The tribunal disagreed and held that the two regulations address two distinct segments of the production and distribution process. Section 7(16)(a) deals with production while section 7(16)(b) deals with the finished goods. Thus, the two determinations are applied in succession. Schedule X requires that the latter determination be applied to shipments.

The regulations with respect to fungible goods apply only where the goods are combined or mixed in inventory. In this case, found that the originating and non-originating canvases were mixed in inventory.
Thus, the remaining question was whether § 7(16.1) requires the use of the same inventory accounting methodology for materials and for goods. That is required where “both fungible materials and fungible goods are withdrawn from the same inventory.” According to Tara, it maintained inventories of materials and finished goods in separate rooms. Consequently, it may choose to apply the specific identification methodology to its finished goods and is not bound by the application of the averaging ratio to shipments. 

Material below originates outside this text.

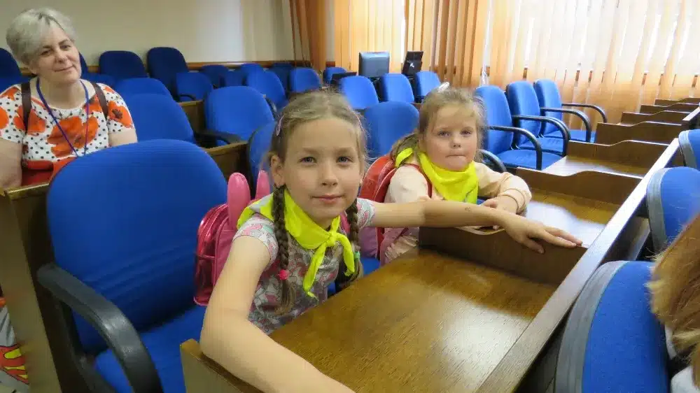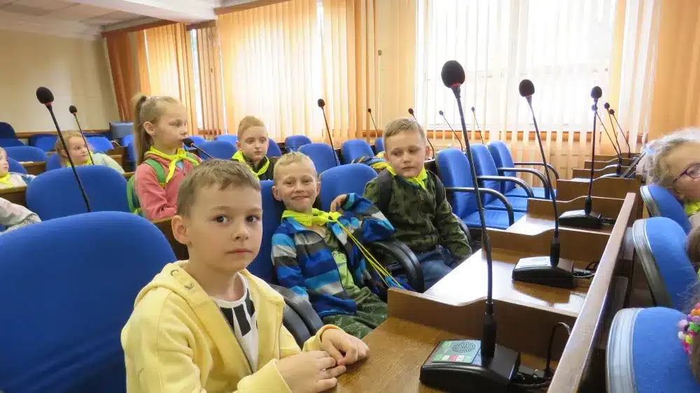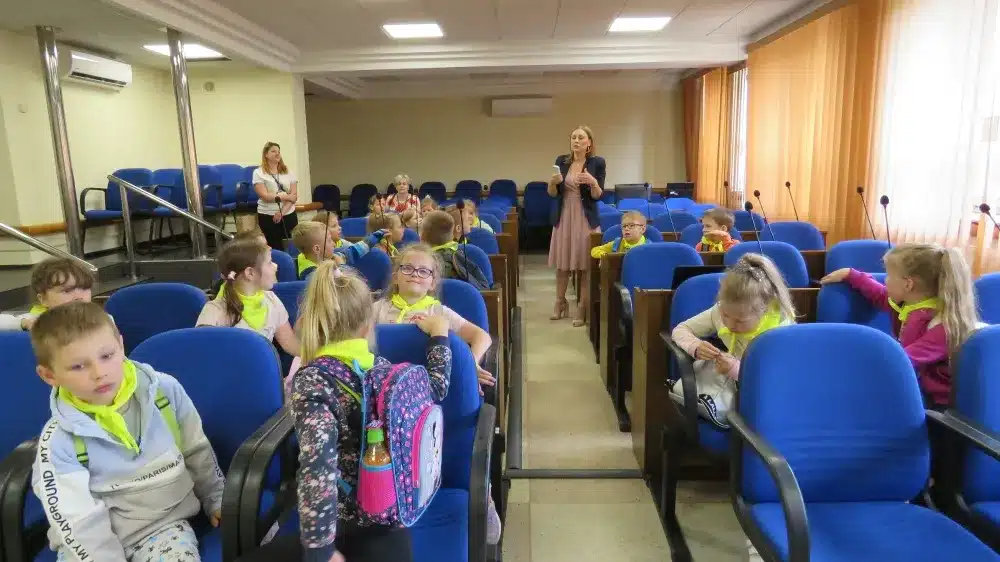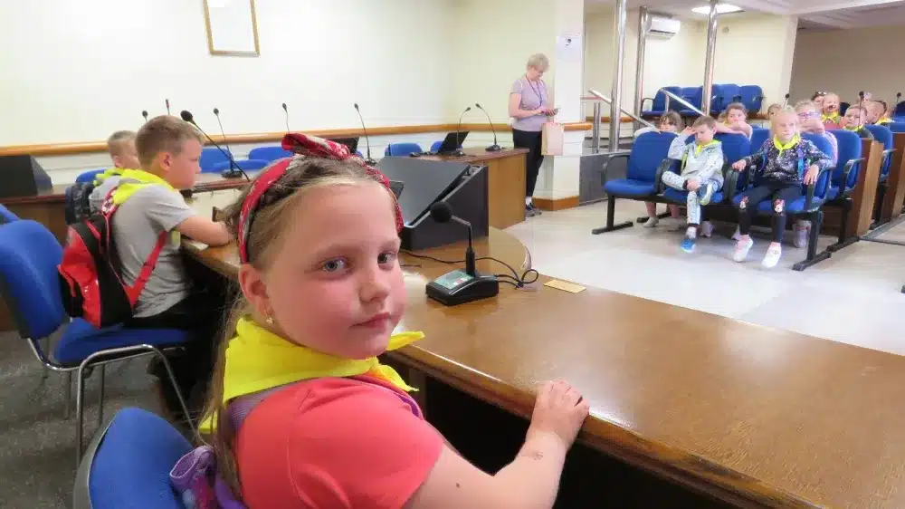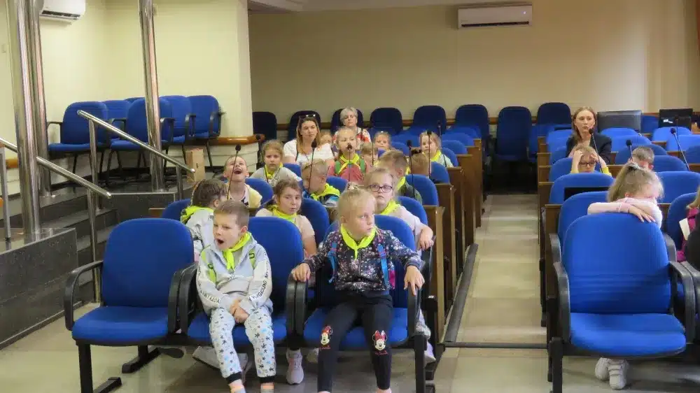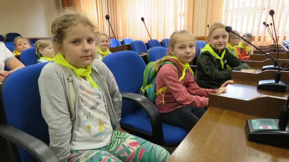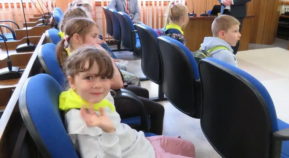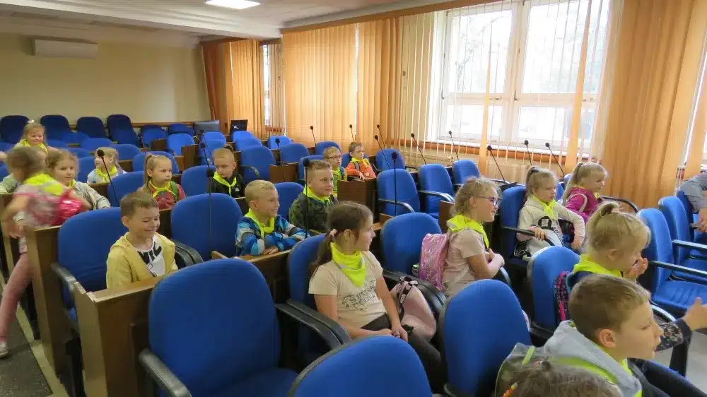 Następnie dzieci odwiedziły gabinet Przewodniczącego Rady Powiatu Lecha Dąbrowskiego. Szefa Rady akurat nie było, ale o ważnej pracy Radnych, ich zadaniach, obowiązkach, zaangażowaniu w sprawy całego powiatu opowiedział przedszkolakom z Bielska Paweł Tokarski – Sekretarz Rady Powiatu. Dzieci zobaczyły salę sesyjną, sprawdziły, czy Radni mają wygodne fotele, mogły usiąść za stołem prezydialnym.

CBSA disagreed, arguing for an expansive definition of inventory that encompassed both materials and finished goods. The Tribunal refused to accept Tara’s narrow definition because it is unlikely that producers would ever physically mix production materials and finished goods. Rather, the Tribunal found it sufficient that Tara had finished goods and materials in the same warehouse. As a result, § 7(16.1) applied, forcing Tara to apply the averaging methodology to each shipment of finished goods.

This certainly not the best result for producers. Companies would like to have the maximum flexibility in allocating their originating goods to customers who can most benefit. Nevertheless, this decision, assuming it remains the final word, does provide a solid basis on which producers can determine how to manage their NAFTA systems.